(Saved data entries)
########################################

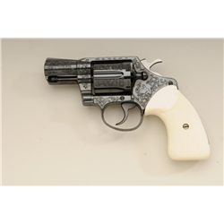 Colt Detective Special in .38 special caliber, double action revolver, factory engraved, blued finish, checkered ivory grips, serial number M32727
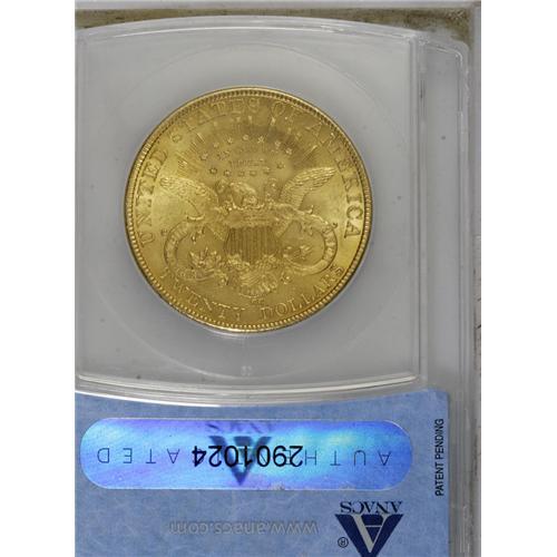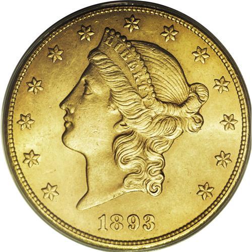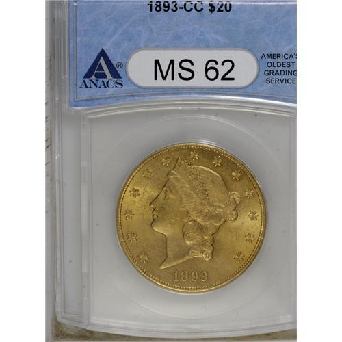 <B>1893-CC $20 MS62 ANACS.</B></I> Well detailed on all of the design elements, as well as the denticles, this pleasing Mint State representative displays even lime-gold toning over both sides. The surfaces are minimally abraded for the grade, but the satin luster seems a bit weak. The final double eagle issue from the Carson City Mint, and exceedingly scarce at grade levels above MS62.<BR><BR><b>Shipping:</b> Coin/Currency (<a target="_blank" href="http://www.heritageauctions.com/common/shipping.php">view shipping information</a>)
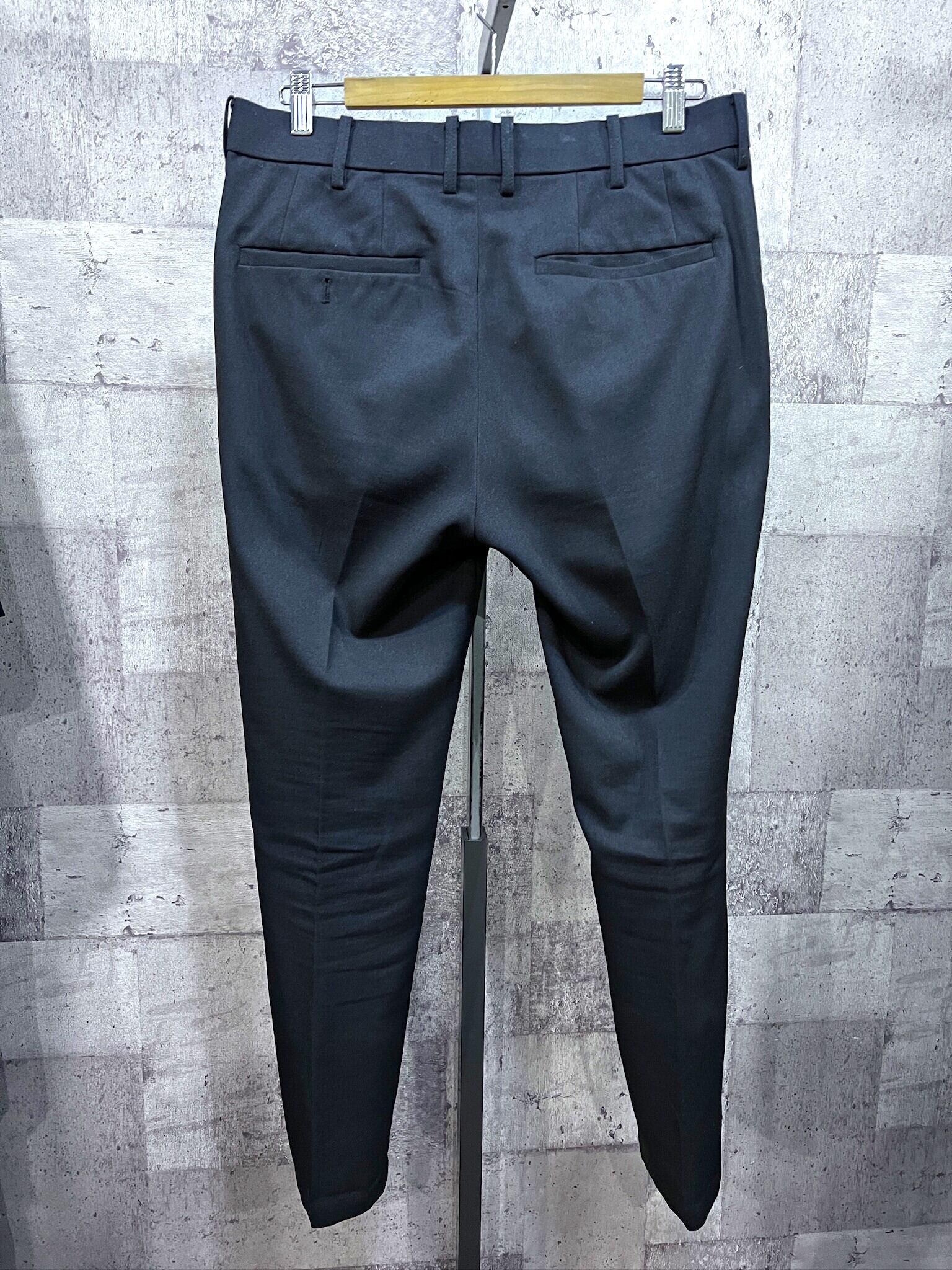 パンツ:ノータック、裾シングル、ウエストに紐、テーパードシルエット
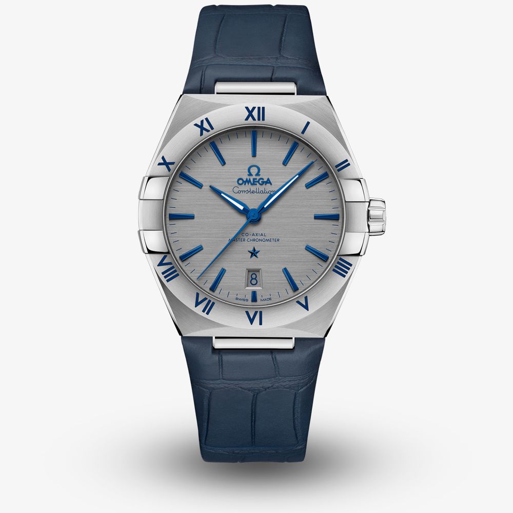 https://www.thbaker.co.uk/omega-mens-constellation-co-axial-master-chronometer-watch-131-13-39-20-06-002111426OMEGA Mens Constellation Co-Axial Master Chronometer Blue Leather Strap Watch 131.13.39.20.06.002https://www.thbaker.co.uk/media/catalog/product/2/4/24-64-425_01_1.jpg60006000GBPOutOfStockCONST* 39MM SS BLU SW GRY The OMEGA 131.13.39.20.06.002 Constellation watch combines a 39mm round shaped stainless steel case and blue leather strap with a push button clasp. It has a deep horizontally-brushed ruthenium grey analogue dial with a date display and blued Super-LumiNova filled hands, all of which is protected beneath domed scratch resistant sapphire crystal glass with an anti-reflective treatment on both sides. Power is generated by the automatic movement. This model also has a water resistance of up to 50 metres.OMEGAhttps://www.thbaker.co.uk/media/catalog/product/2/4/24-64-425_omega_02.jpghttps://www.thbaker.co.uk/media/catalog/product/o/m/omega-packaging_72.jpg7612586302800add-to-cartcondition:Nodisc_no_stock:Yesex_display:NoNoYesNo2464425OMEGA131.13.39.20.06.002MensOfficial OMEGA Packaging5 Year OMEGA WarrantyLuxuryNoConstellationWatchStainless SteelBlueLeather StrapStainless SteelRound39mmAnalogueSapphire Crystal GlassGreyGrey50 metresAutomaticPush Button Deployment ClaspNo StoneNo Stone90gNoNoNoYesYesYesNoOMEGA Mens Constellation Co-Axial Master Chronometer Blue Leather Strap Watch24-64-4252021-11-19 00:00:000[]2021-11-19
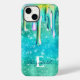 Cute pretty Iridescent turquoise drips faux glitter monogram I-Phone case features modern glitter luxury Chic girly shimmer unicorn rainbow Iridescent blue ocean glitter and holographic drips. Beautiful, modern and cool cover for girls who enjoy classy sparkly designs. Show off your personal style, look fashionable, trendy and feel stylish with a unique design on a mobile device accessory or customise it over another product of your choice. Add your name it with a cool and modern calligraphy typography. It makes the perfect gift idea for a sweet 16 birthday, wedding, bridal shower, anniversaries, baby showers or bachelorette parties, valentines day or as a gift in general.
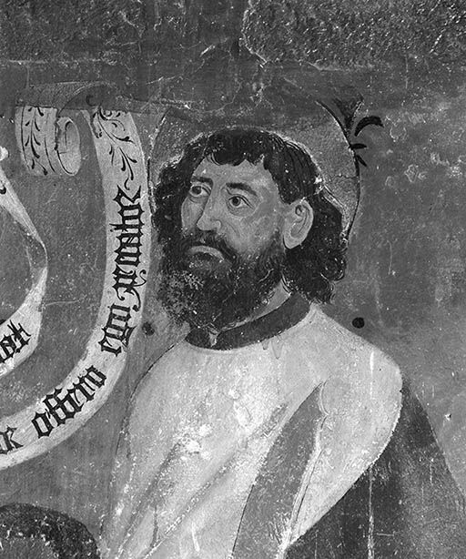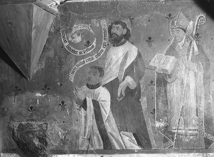Peinture murale de la fin du 15e siècle ; le prêtre donateur pourrait être le curé Pierre Laureau, mentionné dans le texte relatant la consécration de l'église en 1485 (extrait des registres de la paroisse) ou l'un de ses successeurs. Masquée un temps par les boiseries du choeur, l'oeuvre a été restaurée et largement repeinte en 1895.
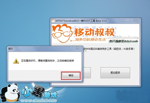 这时候手机会再一次重启,并且软件提示ROOT成功,这时候就可以关闭软件了。
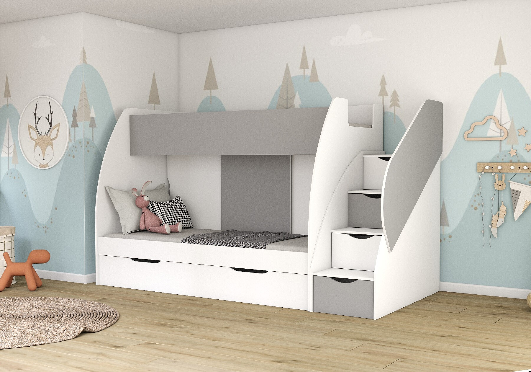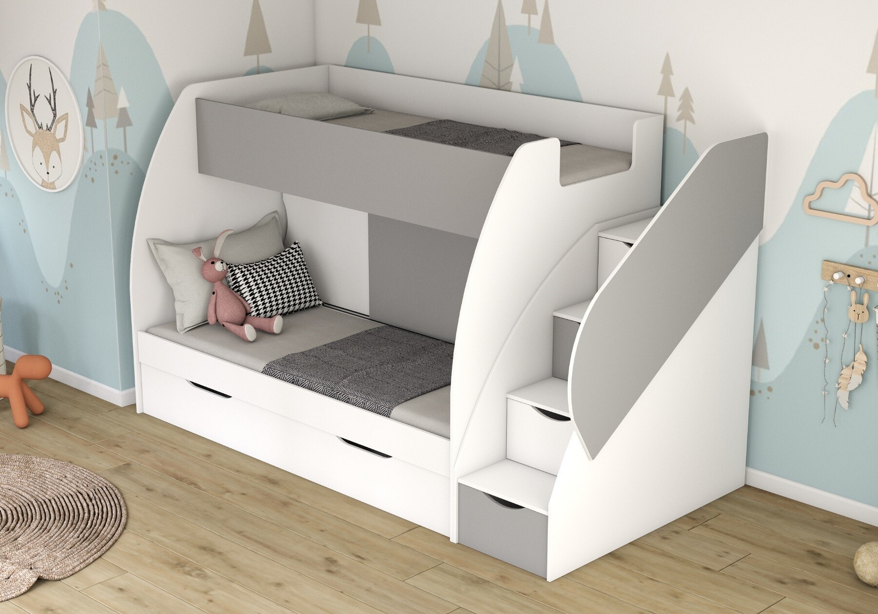 Patrová postel MARTINEK, Bílá/Šedá
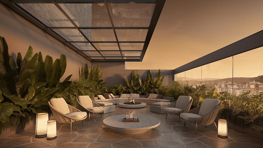 O condomínio conta com uma área de lazer e convivência mobiliada, decorada e climatizada.
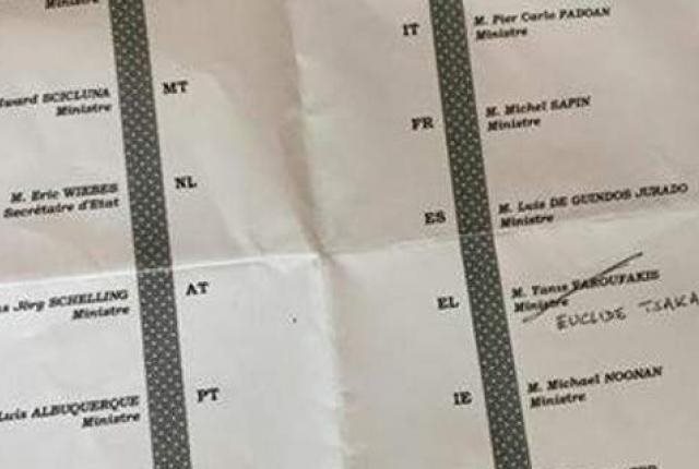 Αυτό συνέβη γιατί δεν είχε εκτυπωθεί νέα λίστα, αφού στο έγγραφο αναγράφονται οι θέσεις στις οποίες κάθισαν οι Υπουργοί στις 25 Απριλίου. parapolitika
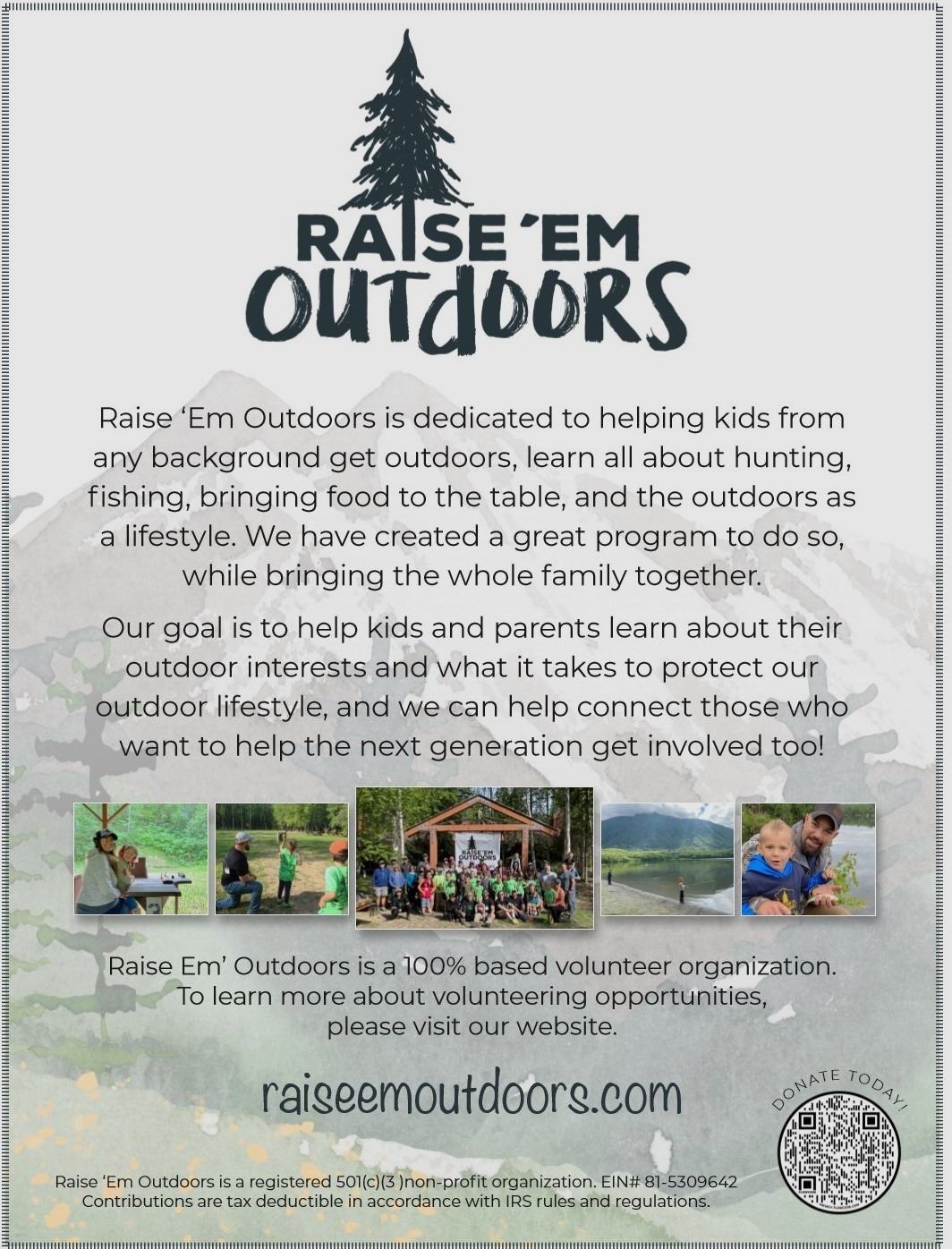 Raise ‘Em Outdoors is dedicated to helping kids from any background get outdoors, learn all about hunting, fishing, bringing food to the table and the Outdoors Lifestyle. Their goal is to help kids and parents learn about and find a new passion in the Outdoors!
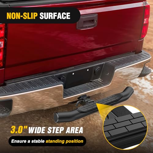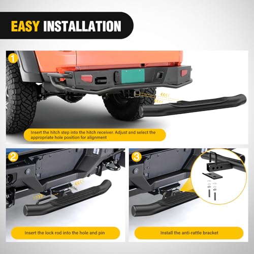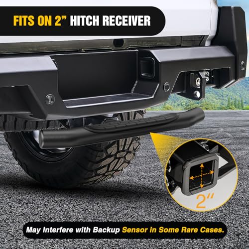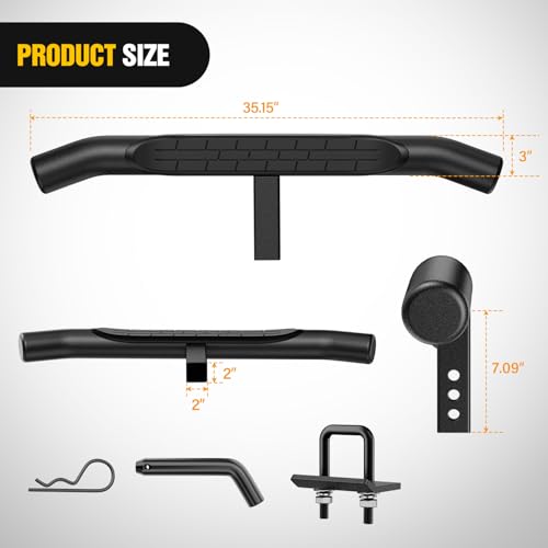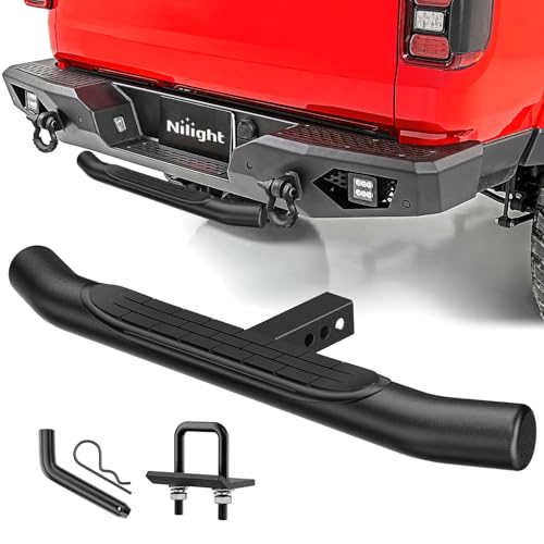 【Universal Size】- Nilight Hitch Step is a multipurpose solution designed to fit universally with all 2-inch trailer hitches, seamlessly integrating with pickup trucks, SUVs, vans, and off-road vehicles.【Sturdy and Durable】- Constructed with high-quality materials, it exhibits excellent durability and a long lifespan, capable of withstanding various conditions. Maximum weight capacity is 350 pounds.【Classic Style】- The 3" round tube pole is curved at both ends and covered with a tough rust-resistant coating, and topped with non-slip feet. Durable and beautiful.【Easy to install】- No drilling required. Easy plug in installation.It not only makes your vehicle look tougher but it also protects your vehicle from rear end collisions.【Package Included】- 1 x Hitch Step, 1 x 5/8”Hitch Pin and 1 x U-Bolts. If you have any questions or problems, please contact us.
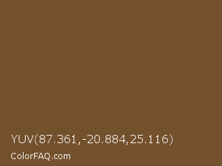 YUV 87.361,-20.884,25.116 Color is a normal orange color and the nearest color is Old Copper #724a2f. Hex code #74512d and RGB value is rgb(116,81,45). In RGB color space, this color is composed of 45% red, 32% green, 18% blue, In CMYK color space, this color is composed of 0% cyan, 30% magenta, 61% yellow , 55% black , In HSL color space, this color has a hue angle of 30° , 44% saturation and 32% lightness.
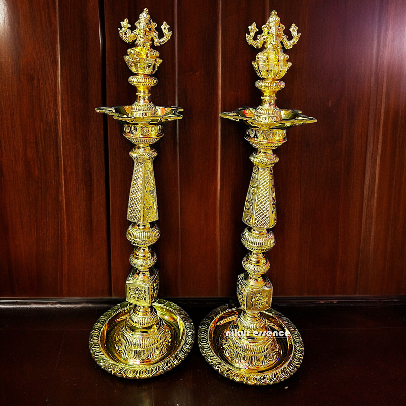 Shop Large Brass Pair Ganesha Diya Vilakku - 33 inches
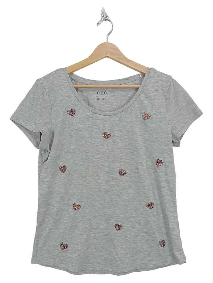 EDC Damen T-Shirt Grau Gr. 38/M Herz-Applikationen
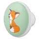 Cute sleepy little fox with large ears and bushy tail is sitting and yawning.

########################################

= WHAT YOU ARE ASKED TO DO =
Make an exact copy of the lines above, starting at the line that contains "EDC Damen T-Shirt" and running through the final line of the entries. Omit the pictures.

= YOUR SOLUTION =
 EDC Damen T-Shirt Grau Gr. 38/M Herz-Applikationen
 Cute sleepy little fox with large ears and bushy tail is sitting and yawning.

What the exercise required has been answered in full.